The United Arab Emirates, which has stood by the Afghan people since the beginning of their plight and which has made generous contributions to emergency humanitarian relief and economic recovery and rehabilitation programmes, is deeply concerned at the increasing threat of violence, which continues to impede the country’s political and development efforts and which prevents the affected population in 36 districts from having access to humanitarian supplies. Indeed, the threat of violence has also had a direct impact on the lives of innocent civilians, United Nations personnel, humanitarian workers, the personnel of the International Security Assistance Force (ISAF) and members of diplomatic missions. A member of the United Arab Emirates diplomatic mission in Kabul was critically injured last January in an armed attack. Therefore, while we welcome the appointment of the former Minister for Foreign Affairs of Algeria, Mr.

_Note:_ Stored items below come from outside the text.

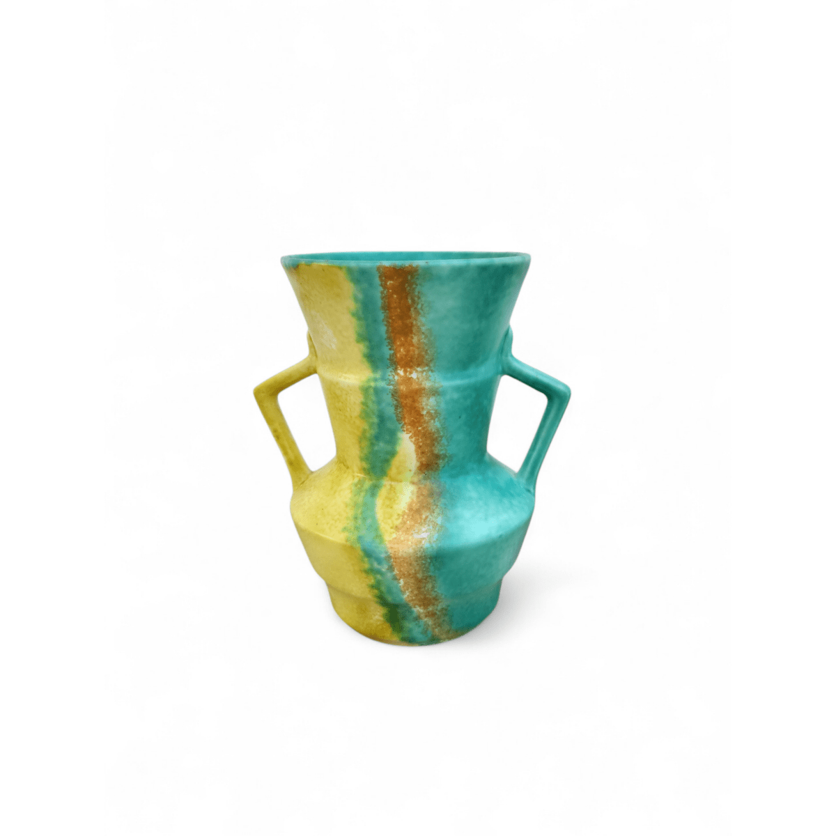 Beswick art pottery from this era reflects the broader post-war modernist movement in British ceramics, with emphasis on abstract colour, form, and surface. Handled forms such as this are particularly desirable due to their sculptural presence and lower survival rates.lectors of British studio ceramics or anyone drawn to sculptural form and colour.
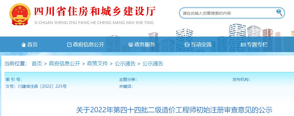 四川關(guān)于2022年第四十四批二級造價工程師初始注冊審查意見的公示
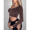 Fashion Spring/Summer One-Shoulder Cold-Shoulder Sexy Mesh See-through Crop-Top Short Top Nightclub Long Sleeves T-shirt Sun Protection Shirt Women — cumpără online cu livrare gratuită oriunde în lume!
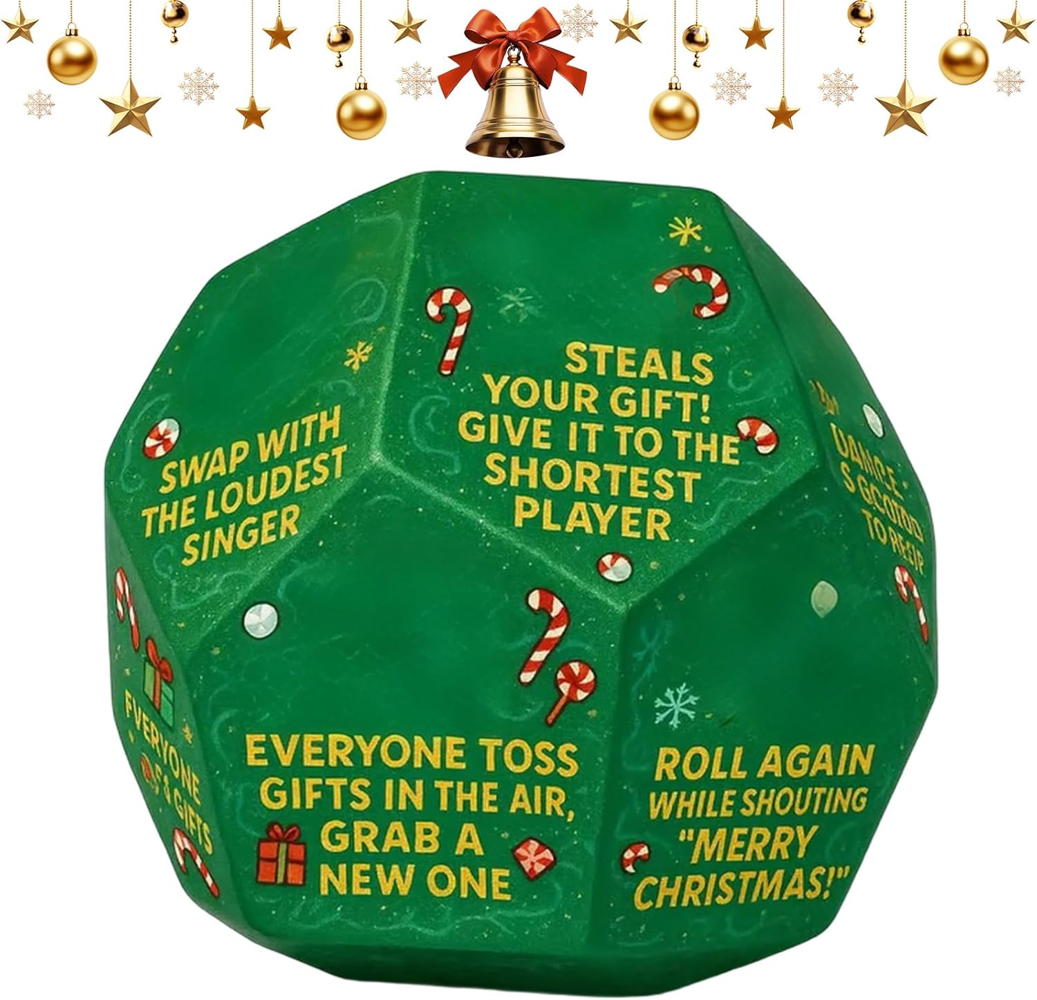 Costruzione robusta in ABS: Migliorato con bordi morbidi sicuri per i bambini e una struttura leggera, il materiale ABS assicura un meccanismo di rotolamento facile per prestazioni affidabili durante le attività festive Meccanismo divertente: I per lo scambio di Natale presentano un design a 12 facce e istruzioni di gioco chiare, garantendo nuove sorprese ad ogni lancio e aumentando il coinvolgimento e il divertimento di tutti i partecipanti durante le attività festive Esperienza di Gioco : Migliora i tuoi festeggiamenti natalizi con un gioco di società versatile e adatto a tutta la famiglia, include tutti i partecipanti e si adatta a stili di gioco casual o competitivo per qualsiasi età e dimensione del gruppo Variazione Scambio Regali: Permetti un divertimento inclusivo durante la tua celebrazione natalizia con un versatile gioco di progettato per aggiungere elementi emozionanti scambio di regali, adatto a familiari e ospiti di tutte le età senza necessità di competizione Diffusore di risate e felicità: Questo dado natalizio con il festoso design di Babbo Natale diffonde allegria e gioia delle feste, simboleggiando l', rendendosi un'opzione di regalo indimenticabile per le persone periodo natalizio
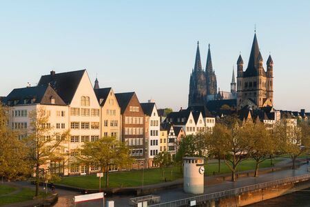 Great St. Martin Churchand and colorful houses of Cologne. Cologne, North Rhine-Westphalia, Germany,
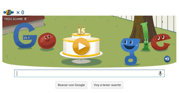 Hoy el grande de la Informática Google ha cumplido 15 años, y para celebrarlo en la página de su buscador podemos encontrar un nuevo Doodle(Como es su costumbre en las fechas importantes) donde podemos celebrar con las letras que forman la palabra, golpeando una piñata.

Lakhdar Brahimi, as Chairman of the Independent Panel on Safety and Security of United Nations Personnel and Premises, we affirm the importance of all parties honouring their obligations to maintain the safety and security of international workers and members of diplomatic missions in accordance with the 1961 Vienna Convention on Diplomatic Relations, the 1963 Vienna Convention on Consular Relations and the 1973 Convention on the Prevention and Punishment of Crimes against Internationally Protected Persons, including Diplomatic Agents.
In this context, we reiterate the importance of the following subjects. First, it is important to re-evaluate Afghanistan’s national security structures and judicial system and to implement a comprehensive strategy aimed at reforming, training and building the capacities of security personnel and the Afghan National Army, especially as regards meeting the requirements of security, fulfilling the country’s law enforcement needs and combating armed groups.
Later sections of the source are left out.